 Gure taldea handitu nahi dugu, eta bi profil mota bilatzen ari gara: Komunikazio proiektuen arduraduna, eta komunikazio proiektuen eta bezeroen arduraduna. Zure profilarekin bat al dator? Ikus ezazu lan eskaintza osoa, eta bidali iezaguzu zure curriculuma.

------------------------------------------------

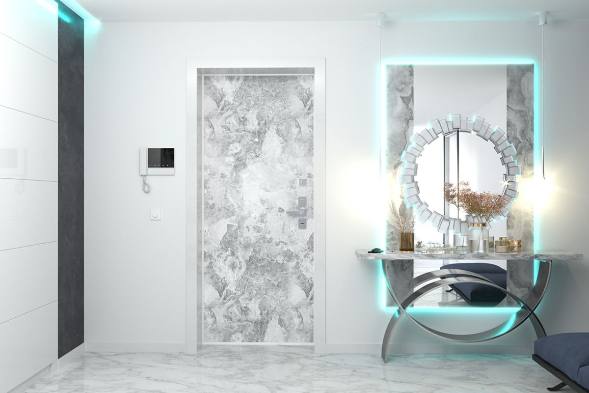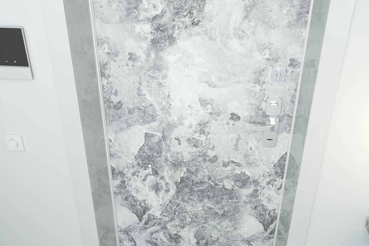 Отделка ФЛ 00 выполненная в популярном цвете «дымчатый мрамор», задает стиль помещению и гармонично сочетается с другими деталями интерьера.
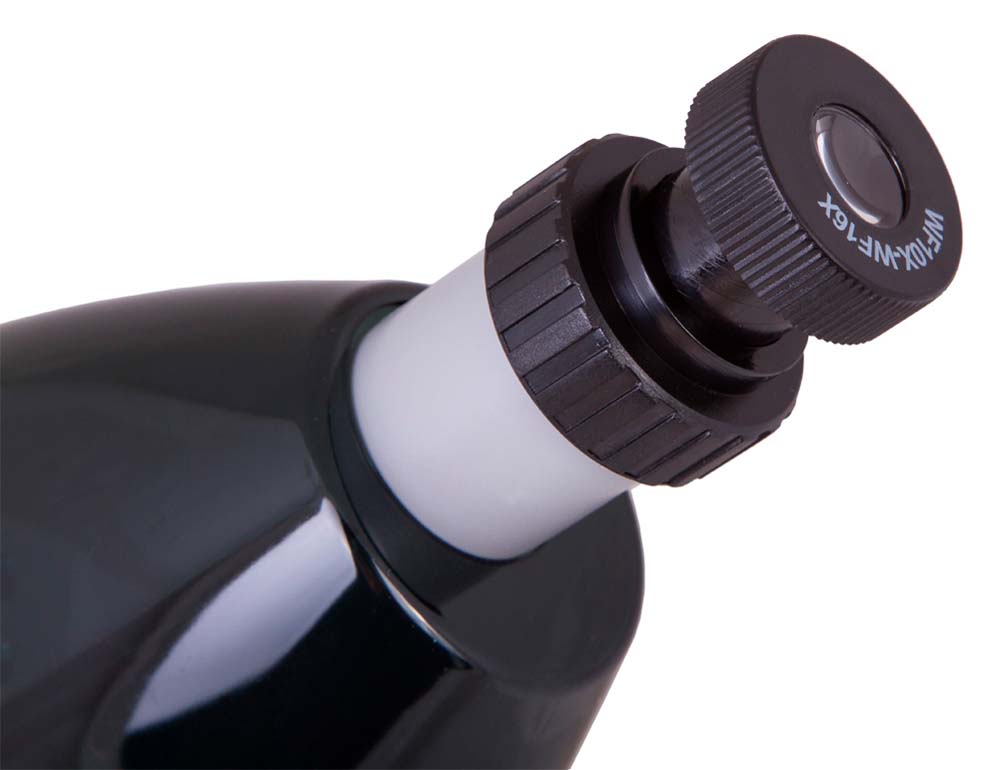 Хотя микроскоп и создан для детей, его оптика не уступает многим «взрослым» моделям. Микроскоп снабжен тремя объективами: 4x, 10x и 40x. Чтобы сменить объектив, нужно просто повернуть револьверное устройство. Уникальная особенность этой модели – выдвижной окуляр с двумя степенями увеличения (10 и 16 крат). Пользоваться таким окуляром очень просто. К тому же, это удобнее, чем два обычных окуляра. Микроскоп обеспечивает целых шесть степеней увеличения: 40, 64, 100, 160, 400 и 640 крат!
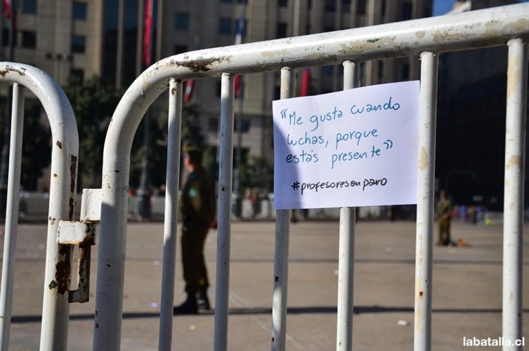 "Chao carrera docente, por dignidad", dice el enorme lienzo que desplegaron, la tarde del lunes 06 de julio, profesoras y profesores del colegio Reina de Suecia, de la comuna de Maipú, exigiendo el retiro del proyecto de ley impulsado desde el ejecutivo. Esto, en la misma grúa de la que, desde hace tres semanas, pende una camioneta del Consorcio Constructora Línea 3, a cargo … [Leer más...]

------------------------------------------------

Exercise goal => The material above holds pictures; leave them out. Repeat exactly the lines from the one containing "Хотя микроскоп и" through the one containing "cargo … [Leer más...]", and nothing else.

Response =>
 Хотя микроскоп и создан для детей, его оптика не уступает многим «взрослым» моделям. Микроскоп снабжен тремя объективами: 4x, 10x и 40x. Чтобы сменить объектив, нужно просто повернуть револьверное устройство. Уникальная особенность этой модели – выдвижной окуляр с двумя степенями увеличения (10 и 16 крат). Пользоваться таким окуляром очень просто. К тому же, это удобнее, чем два обычных окуляра. Микроскоп обеспечивает целых шесть степеней увеличения: 40, 64, 100, 160, 400 и 640 крат!
 "Chao carrera docente, por dignidad", dice el enorme lienzo que desplegaron, la tarde del lunes 06 de julio, profesoras y profesores del colegio Reina de Suecia, de la comuna de Maipú, exigiendo el retiro del proyecto de ley impulsado desde el ejecutivo. Esto, en la misma grúa de la que, desde hace tres semanas, pende una camioneta del Consorcio Constructora Línea 3, a cargo … [Leer más...]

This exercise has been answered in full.